地舒单抗作用功效
(denosumab, also known as AMC-162, trade name Prolia) is a bone resorption inhibitor with a unique mechanism of action. It specifically targets the receptor activator of NF-kB ligand (RANKL), inhibits the activation and development of osteoclasts, reduces bone resorption, and increases bone density.
On May 28, 2010, the European Commission approved denosumab for the treatment of bone loss associated with hormone suppression in postmenopausal women with osteoporosis and prostate cancer. It can also be used in patients who are currently ineffective or intolerant to other treatments to reduce the risk of fractures.
What is the function of denosumab? A 3-year randomized, double-blind, placebo-controlled phase III clinical trial FREEDOM (Fracture Reduction Evaluation of Denosumab in Osteoporosis Every 6 Months) evaluated the efficacy and safety of denosumab in the treatment of osteoporosis in postmenopausal women.
Patients were randomly assigned to treatment (desomasumab 60 mg subcutaneously every 6 months, n = 3902) or placebo (n = 3906). The primary outcome measure was the incidence of new vertebral fractures over the 3-year period, and secondary outcomes included the incidence of hip and nonvertebral fractures and the time to first fracture during the observation period. The subjects were aged between 60 and 90 years old, with an average age of 72.3 years. The basic value of spine or total hip T-score was between -4.0 and -2.5 (the average was -2.8). About 23% of the subjects had a history of at least one fracture before entering this trial. All patients also received daily supplements of 1,000 mg of vegetarian calcium and 400 to 800 IU of vitamin D.

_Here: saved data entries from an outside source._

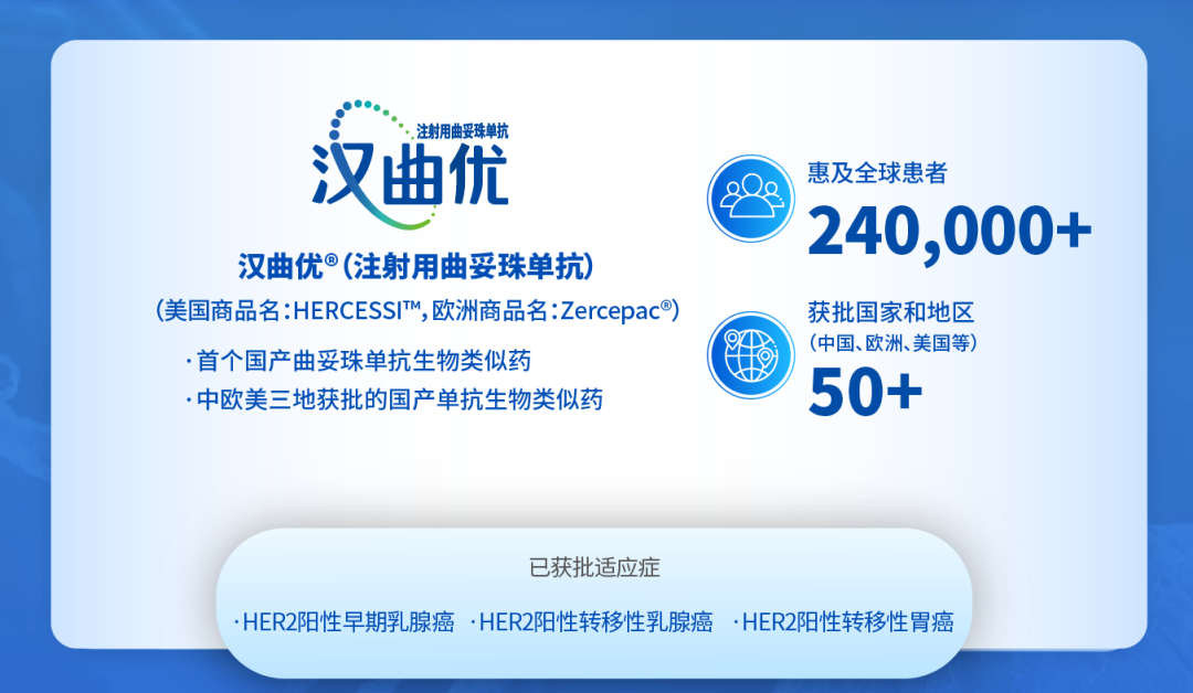 在乳腺癌、胃癌等高发癌症领域,平博pinnacle官网医药自主研发的单抗生物类似药汉曲优(注射用曲妥珠单抗)已成功在中国、欧盟、美国、加拿大、澳大利亚等50个多家和地区获批上市,并进入中国、英国、法国和德国等多个国家的医保目录。截至目前,汉曲优已惠及超过24万名患者。针对胃癌治疗的靶向HER2创新型单抗HLX22及新型乳腺癌内分泌疗法HLX78(拉索昔芬片)均处于国际多中心III期临床试验阶段。在研帕妥珠单抗生物类似药HLX11的上市申请在中国和美国获受理,为全球化发展注入新动能。
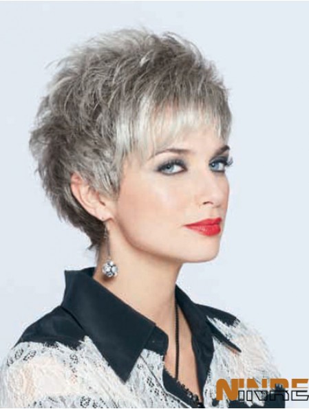 Perruques courtes droites grises synthétiques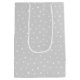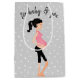 Pregnant woman on a grey and white polka dot pattern for a baby shower.

The results showed that compared with the placebo group, the incidence of new vertebral fractures in the treatment group was reduced by 68% (2.3% in the treatment group, 7.2% in the placebo group, P < 0.0001), the incidence of hip fractures was relatively reduced by 40% (0.7% in the treatment group, 1.2% in the placebo group, P = 0.036), and the incidence of non-vertebral fractures was relatively reduced. 20% (6.5% in the treatment group and 8.0% in the placebo group, P =0.011).
From the above tests, it can be clearly seen that the effect is very outstanding and significantly reduces the patient's fracture risk.